Notice the following as well:
• If t1 = tn-1,1-α = F(1 _ α) is the (1 _ α)’th quantile of a t distribution with n _ 1 degrees of freedom, then P9 [_t1 < Q(9; x)] = 1 _ α, and the corresponding subset estimator is
C(x) = {g(9) : _ t1 < Q(9; x)} = [ _ tn-1,1-α S/ln, o),
a half-interval estimator that defines a credible lower bound, L(x) = _tn-1,1-α S/ln, on µ .
• If t2 = tn-1,1-α , then P9 [Q(9; x) < t2] = 1 _ α, and the corresponding subset estimator is
C(x) = {g(9) : Q(9; x) < t2 } = (_o, + tn-1,1-α S/ln],
a half-interval estimator that defines a credible upper bound, U(x) = +tn-1,1-α S/ln, on µ .
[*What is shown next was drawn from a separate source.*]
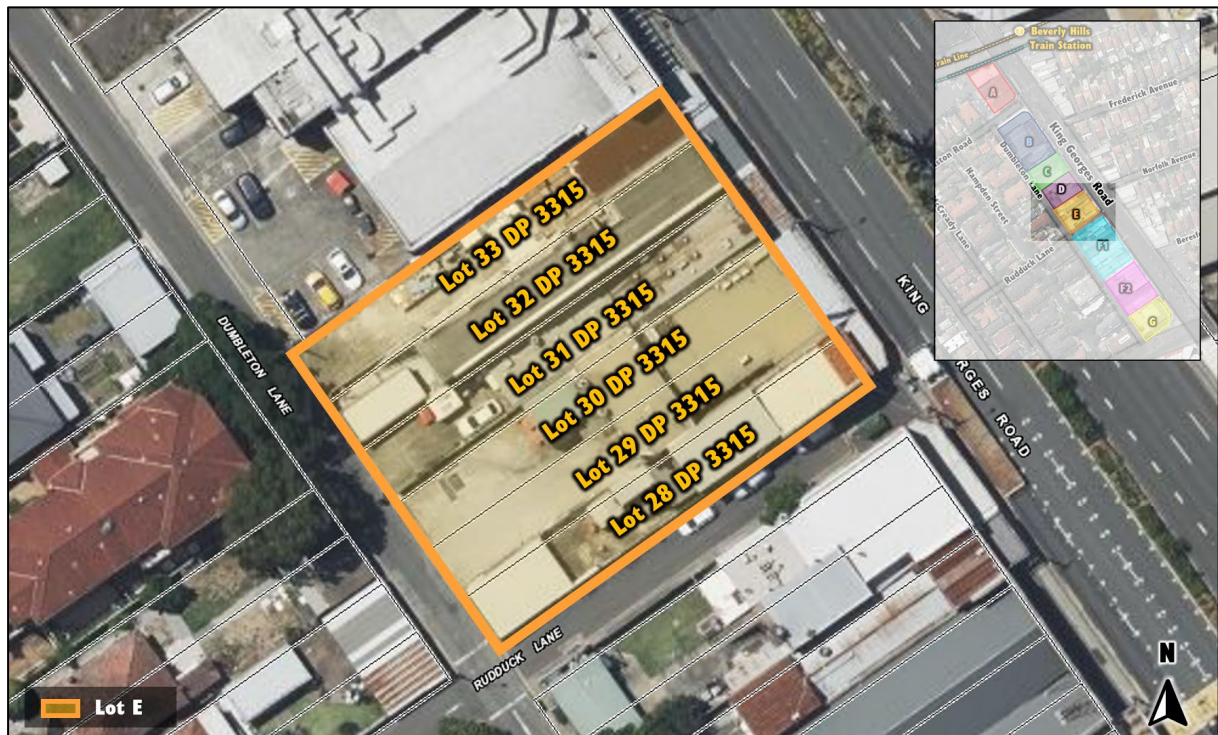
Figure 6: Group E Lots

Example: Ratio estimation. In response surface analysis, a common problem is to estimate the point at which a polynomial function is minimized. Define the function m(u) = θ 1 _ 2θ2u + θ3u2 , and suppose its coefficients are unknown, but are to be inferred through a sequence of experiments. Let us collect them into the multivariate parameter 9 = (θ1 , θ2 , θ3 ).
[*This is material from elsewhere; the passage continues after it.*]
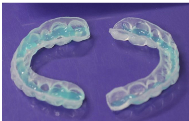
Figure 1 0.145% fluoride gel loaded in a custom tray, to be worn by the study participants at bedtime.

In 2017, regulations allowed the use of the highest concentration of 0.15% fluoride in Japan. Although it is about 1/10 of the concentration used in other countries, we aimed to obtain the same effect by extending the action time of the fluoride. First, we investigated the incidence of dental caries in head and neck cancer patients who had not received fluoride. The mean of new dental caries 1 year after RT in 31 patients with head and neck cancer undergoing RT was 2.68, while no newly developed dental caries was found in 25 patients with oral cancer who underwent surgery but not RT 1 year after the surgery. 6 Next, as a preliminary study, 13 patients with head and neck cancer undergoing RT received topical application of 0.145% fluoride gel in custom tray during sleep every day for 1 year (figure 1), and as a result no newly developed dental carious lesion was found in all 13 patients. 7 These results show that application of low concentration fluoride gel in custom trays during sleep every day is promising preventive method for radiation-related dental caries. Therefore, we conduct a randomised controlled phase III study (FluCar study) to evaluate the efficacy of low concentration fluoride gel using custom

The quantity u indexes some characteristic of experimental conditions that is under the control of the experimenter. By varying u across a sequence of experiments, and applying data-analysis techniques from linear-models analysis to the resulting data, it is possible to summarize the data, x, into a multivariate statistic 9Y(x) = (θˆ1 (x), θˆ2 (x), θˆ3 (x)) that is presumed to follow a Gaussian distribution, 9Y(x) ~ G(9 , 2).
Observe that the first two derivatives of m(u) are m/ (u) = _2θ2 + 2θ3u and m// (u) = 2θ3u, hence if θ3 > 0 the function m(u) is minimized at u* = θ2 /θ3 . This ratio, g(9) = θ2 /θ3 , is the target of inference.
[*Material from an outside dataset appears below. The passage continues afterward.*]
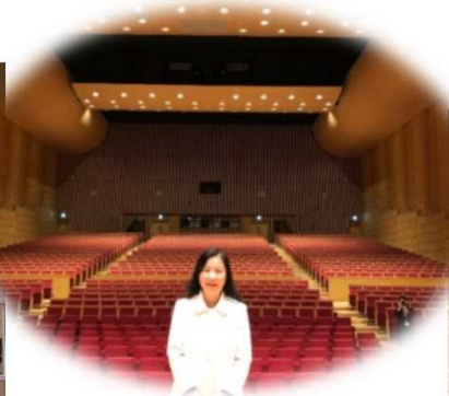
Shelter Nanyo Hall

A subset estimator for θ2 /θ3 was proposed in the 1950’s by E.C. Fieller, which is derived by inverting a hypothesis test. Consider the hypotheses H0 : 9 e Θ0 (u) and H1 : 9 e Θ 1 (u) defined by
Θ0 (u) = {9 e o : g(9) = u}
Θ 1 (u) = {9 e o : g(9) u}.
The parameter-space subsets Θ0 (u) and Θ 1 (u) are easily re-characterized as
Θ0 (u) = {9 e o : θ2 _ θ3u = 0}
Θ 1 (u) = {9 e o : θ2 _ θ3u 0},
whose defining conditions parallel the linear transformation of the statistic 9Y(x) to θˆ2 (x)_ θˆ3 (x)u ~ G(θ2 _ θ3u, σ22 _ 2σ23u + σ33u2 ), having written σij for the (i, j)-entry of 2. Such observations motivate the use of
Wu (x) = θˆ2 (x) _ θˆ3 (x)u
as a test statistic. A size-α version of this test is defined by the rule to reject H0 precisely when |Wu (m)| > z1-α/2 = Φ -1 (1 _ α/2).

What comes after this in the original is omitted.